To address this poignant market painpoint, this post is a cursed compendium of 69 ways to fuck up your deploy. Some are ways to fuck up your deploy now and some are ways to fuck it up for Future You. Some of the fuckups may already have happened and are waiting to pounce on you, the unsuspecting prey. Some of them desecrate your performance. Some of them leak data. Some of them thunderstrike and flabbergast, shattering our mental models.
All of them make for a very bad time.
We’ve structured this post into 10 themes of fuckups plus the singularly horrible fuckup of manual deploys. For your convenience, these themes are linked in the Table of Turmoil below so you can browse between soul-butchering meetings or existential crises. We are not liable for any excess anxiety provoked by reading these dastardly deeds… but we like to think this post will help many mortals avoid pain and pandemonium in the future.
The Table of Turmoil:
Identity Crisis
Loggers and Monitaurs
Playing with Deployment Mismatches
Configuration Tarnation
Statefulness is Hard
Net-not-working
Rolls and Reboots
Disorganized Organization
Business Illogic
The Audacity of Spacetime
Manual Deploys
Identity Crisis
Permissions are perhaps the final boss of Deployment Dark Souls; they are fiddly, easily forgotten, and never forgiven by the universe.
1. Allow all access.
“Allow all access” is simple and makes deployment easy. You’ll never get a permission failure! It makes for infinite possibilities! Even Sonic would wonder at our speed!

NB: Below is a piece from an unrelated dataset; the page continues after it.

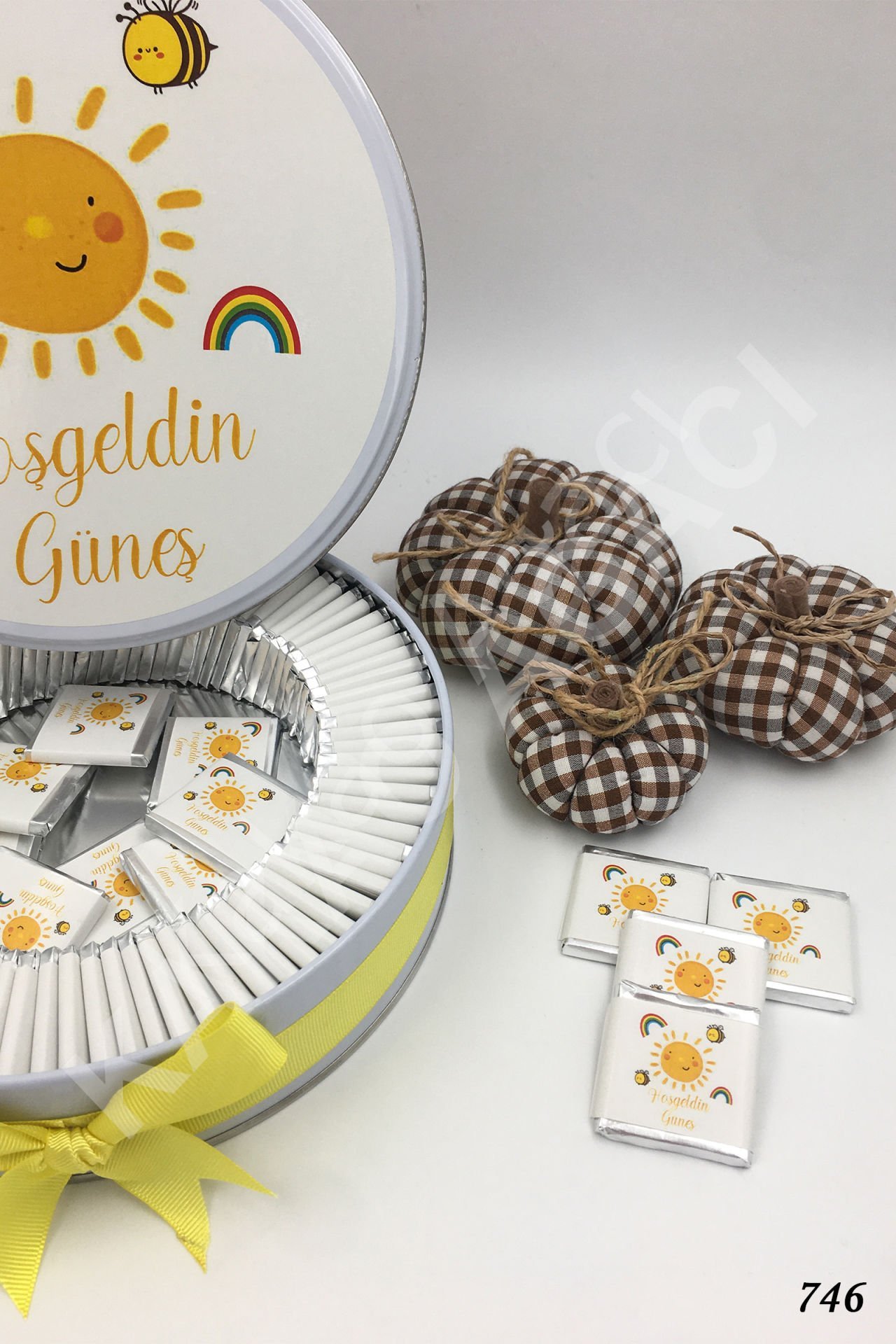 Güneş Temalı Kız Metal Kutu İsme Özel Çikolata KA746
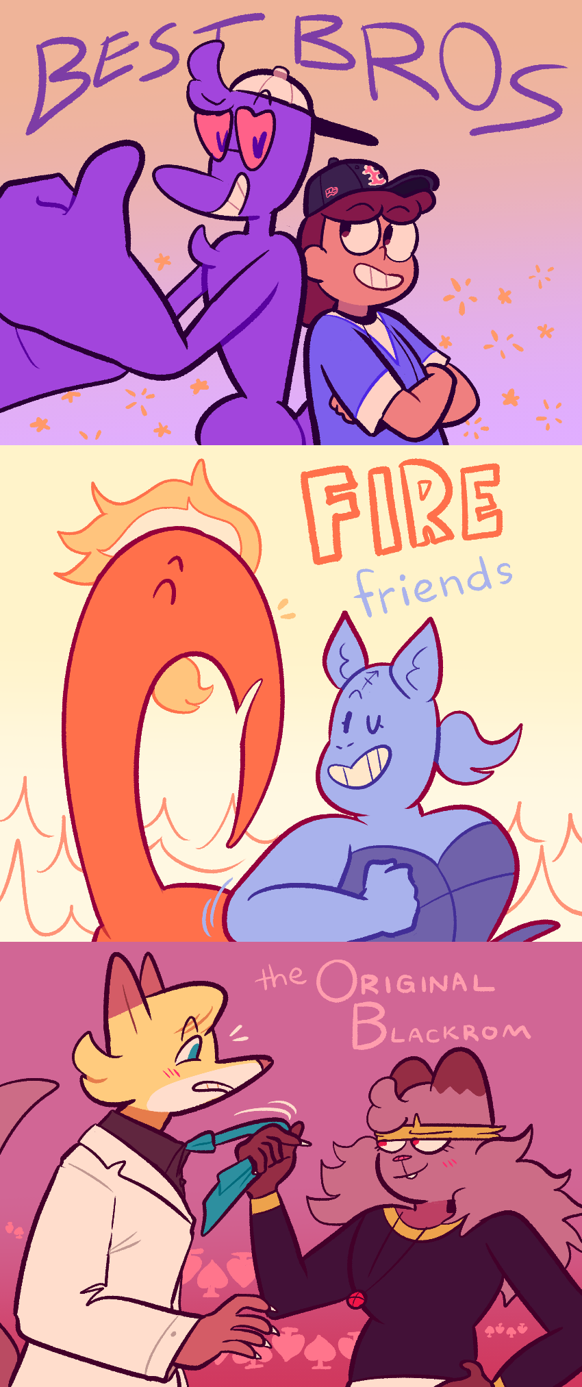 Hiatus art! Here are some drawings I did for Valentine's Day this year (and February's Hivetheme). We got two nice drawings of friends and one nice drawing of... whatever Helene and Isaac have going on XD

And indeed, dear reader, what wonder allow * inspires… like a wonder for what services the app actually talks to and what we might need to monitor; a wonder for what data the app actually reads and modifies; a wonder for how many other services could go down if the app misbehaved; and a wonder for exactly how many other teams we might inconvenience during an incident.
Whether for quality’s sake or security’s, we should not trade simplicity today for torment tomorrow.
2. Keys in plaintext.
Key management systems (KMS) are complex and can be ornery. Instead of taming these complex beasts – requiring persistence and perhaps the assistance of Athena herself to ride the beast onward to glory – it can be tempting to store keys in plaintext where they are easily understandable by engineers and operators.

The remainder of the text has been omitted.